(RECORD EXTRACTS)
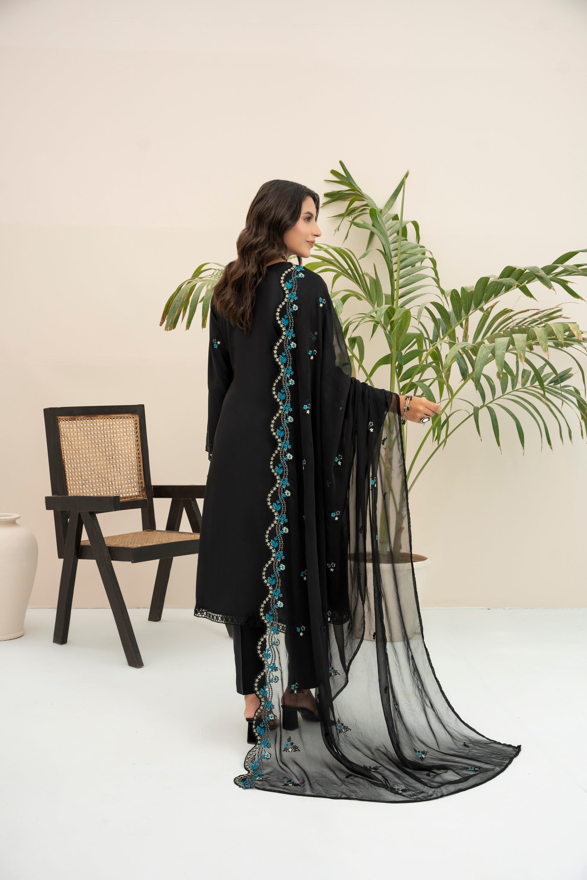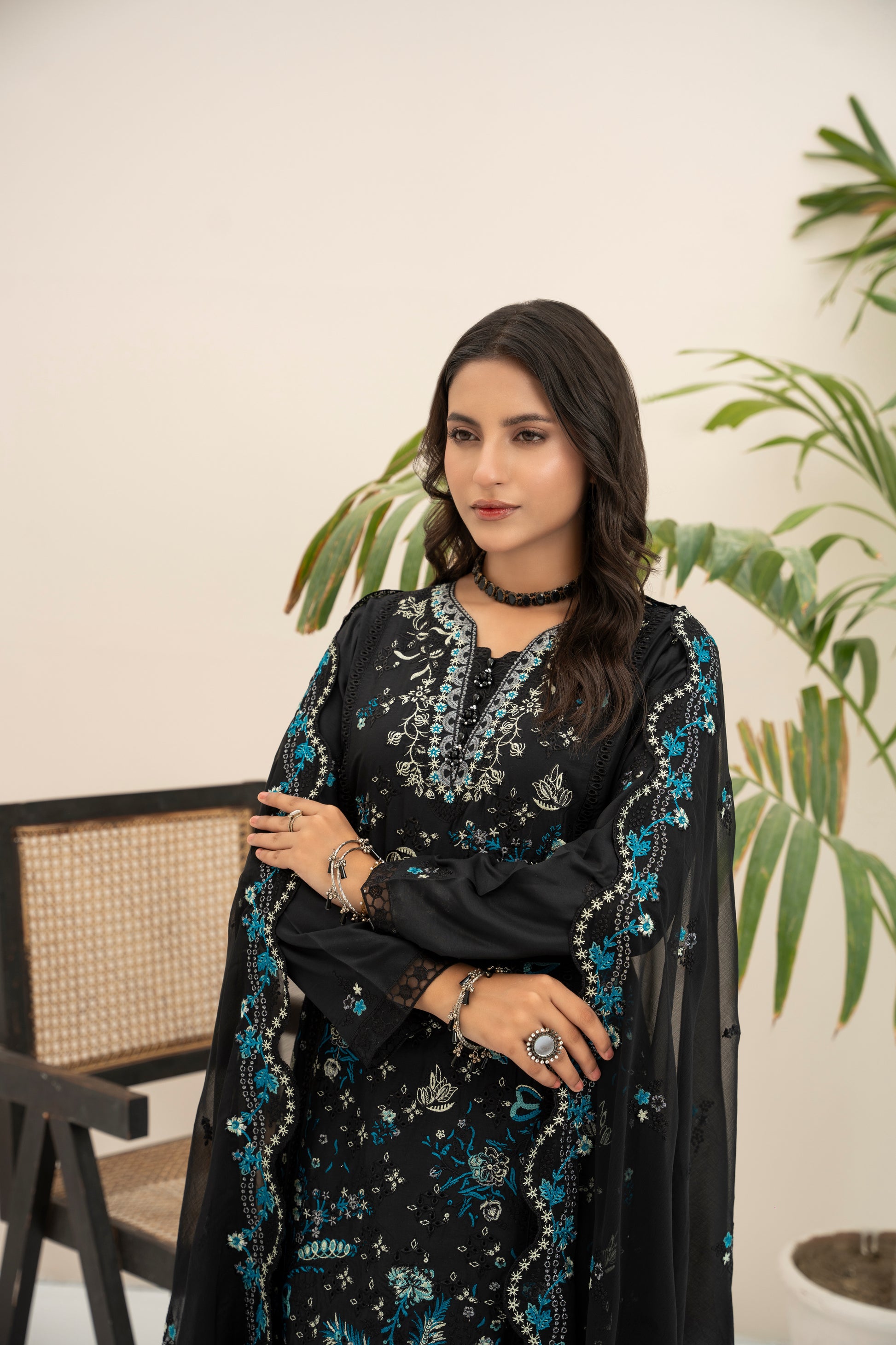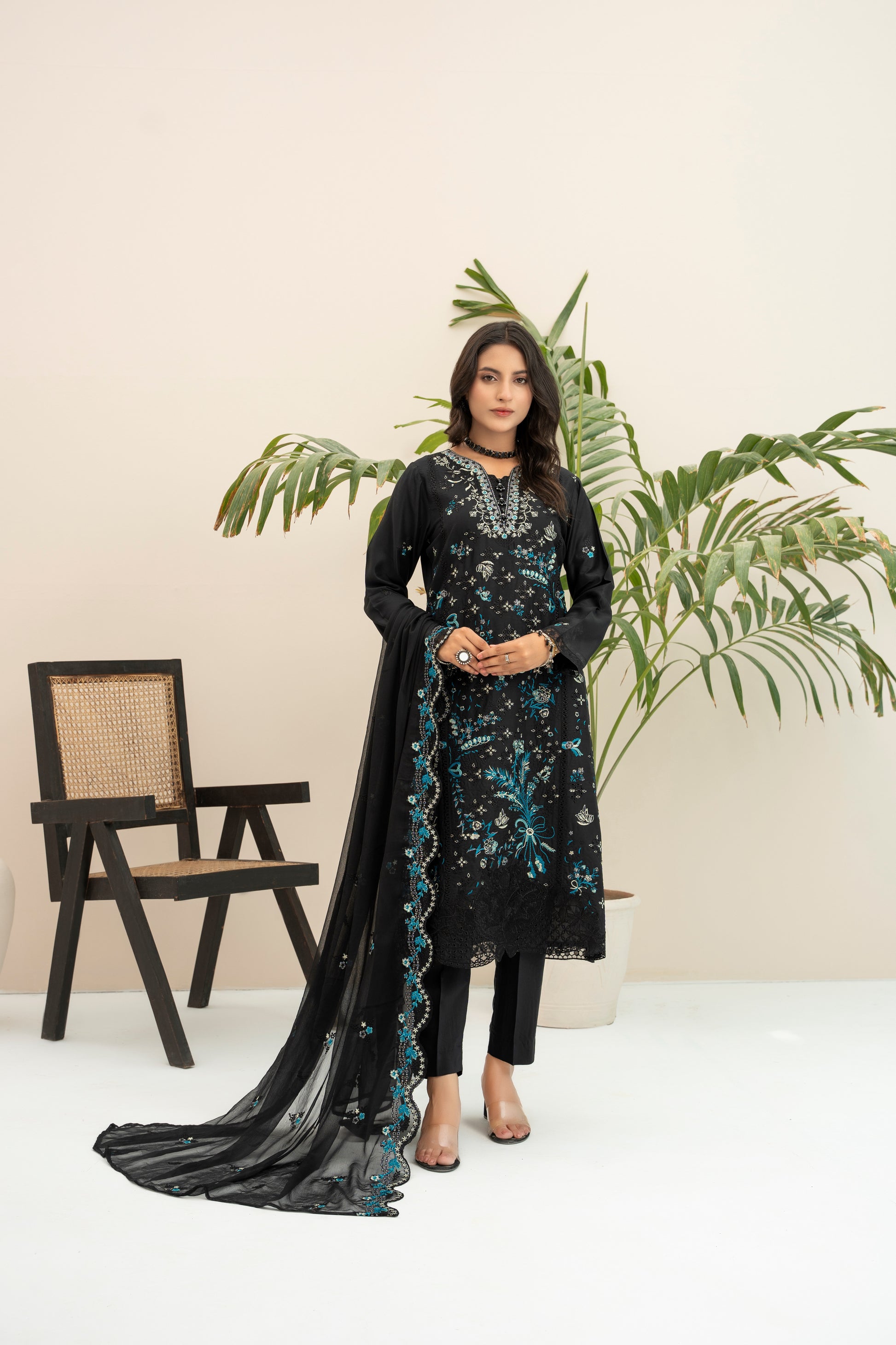 Fabric: Embroidered Viscose shirt with hand-made neckline, embroidered matha-patti cutwork Chiffon dupatta, plain Viscose trouser
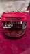 The lovely Cable Car is wood and painted red, green and white and has antique brass accents and handles. It sits nicely on a round wood base that is a deep red color with golden writing.
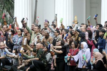 Menteri Luar Negeri (Menlu) Retno LP Marsudi (tengah) didampingi Wakil Menteri Luar Negeri (Wamenlu) AM Fachir (ketujuh kiri) dan staf merayakan hari kerja pertama di tahun 2019 dengan berfoto bersama seraya mengangkat botol tempat minum di halaman Gedung Pancasila, Kementerian Luar Negeri, Jakarta, Rabu (2/1/2019). Di hari kerja pertama itu, Kementerian Luar Negeri berkomitmen untuk menjaga kebersihan lingkungan dan mengurangi sampah plastik dengan menggalakkan penggunaan gelas, sedotan, alat makan stainless, hingga tas yang dapat digunakan kembali. ANTARA FOTO/Suwandy/pras.
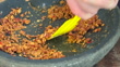 A home cook uses a mortar and pestle to grind peanuts and chilli into a satay sauce for use in traditional Indonesian cooking. Close up, high angle.
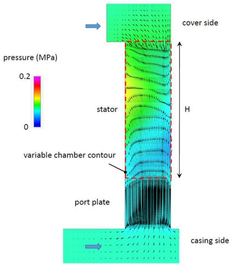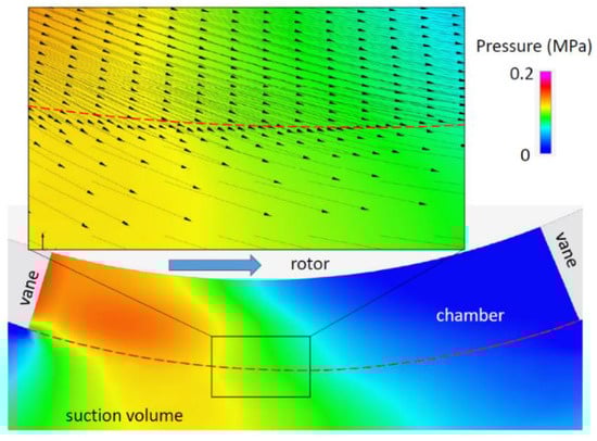 The figure shows a cut plot in correspondence of the plane A (shown in Figure 2) in the middle of the milling with height h2, and perpendicular to the shaft. The boundary of the chamber connected to the inlet volume is indicated by the dashed red line. It can be observed that in front of the trailing vane, the pressure was higher than in the suction volume, while in the region behind the leading vane, the pressure was very low; in this part of the chamber, the gaseous phase was localized. The high pressure in the chamber, together with the centrifugal force acting on the oil, generated the backflow, as demonstrated by the direction of the velocity vectors plotted in the detail. Hence, in this pump, the contribution of the centrifugal force was significant with respect to the force generated by the pressure gradient, and due to the small axial height, the fluid could escape in correspondence with the outer edge of the chambers.
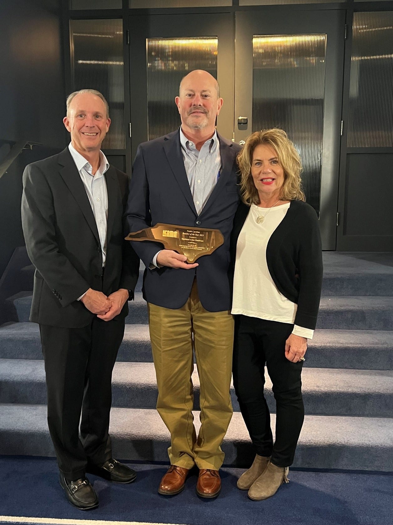 Jeff Steelman and Steelman’s Ace Hardware were named 2025 Retailer of the Year by NCRMA. Pictured from L-R are NCRMA President and General Counsel Andy Ellen, Jeff Steelman and his wife, Dawn.
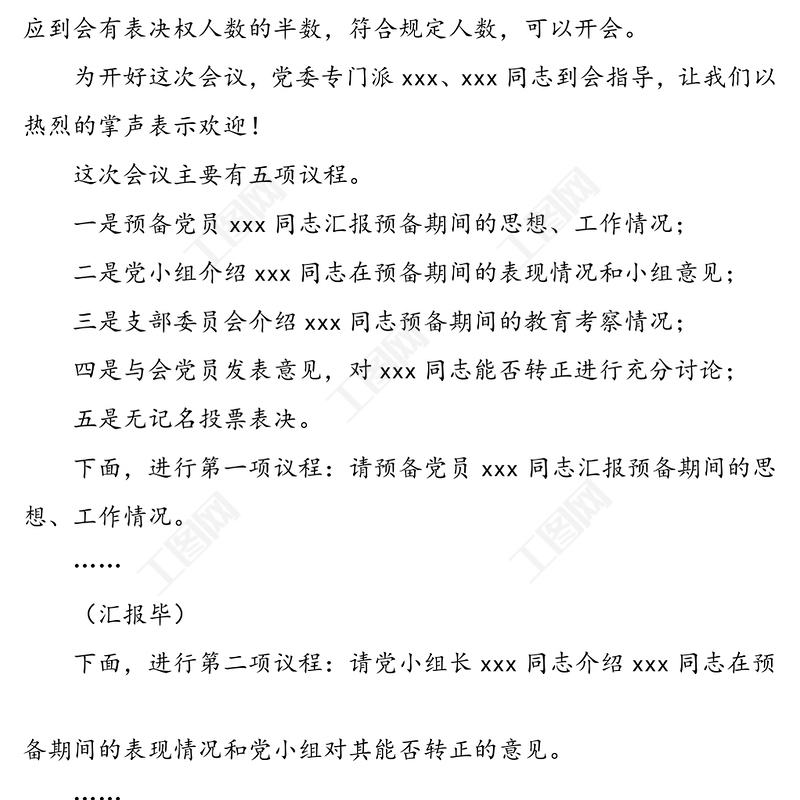 工圖網(wǎng)提供預備黨員轉(zhuǎn)正支部大會主持詞供會員免費下載。更多精彩黨課PPT素材,盡在工圖網(wǎng)。

(EXERCISE DETAILS) Keep to the stretch from the line containing "The lovely Cable" through the line containing "Menteri Luar Negeri (Menlu)", both ends included, and copy it exactly from the listing above, minus the pictures.

(REPLY TO THE TASK)
 The lovely Cable Car is wood and painted red, green and white and has antique brass accents and handles. It sits nicely on a round wood base that is a deep red color with golden writing.
 Menteri Luar Negeri (Menlu) Retno LP Marsudi (tengah) didampingi Wakil Menteri Luar Negeri (Wamenlu) AM Fachir (ketujuh kiri) dan staf merayakan hari kerja pertama di tahun 2019 dengan berfoto bersama seraya mengangkat botol tempat minum di halaman Gedung Pancasila, Kementerian Luar Negeri, Jakarta, Rabu (2/1/2019). Di hari kerja pertama itu, Kementerian Luar Negeri berkomitmen untuk menjaga kebersihan lingkungan dan mengurangi sampah plastik dengan menggalakkan penggunaan gelas, sedotan, alat makan stainless, hingga tas yang dapat digunakan kembali. ANTARA FOTO/Suwandy/pras.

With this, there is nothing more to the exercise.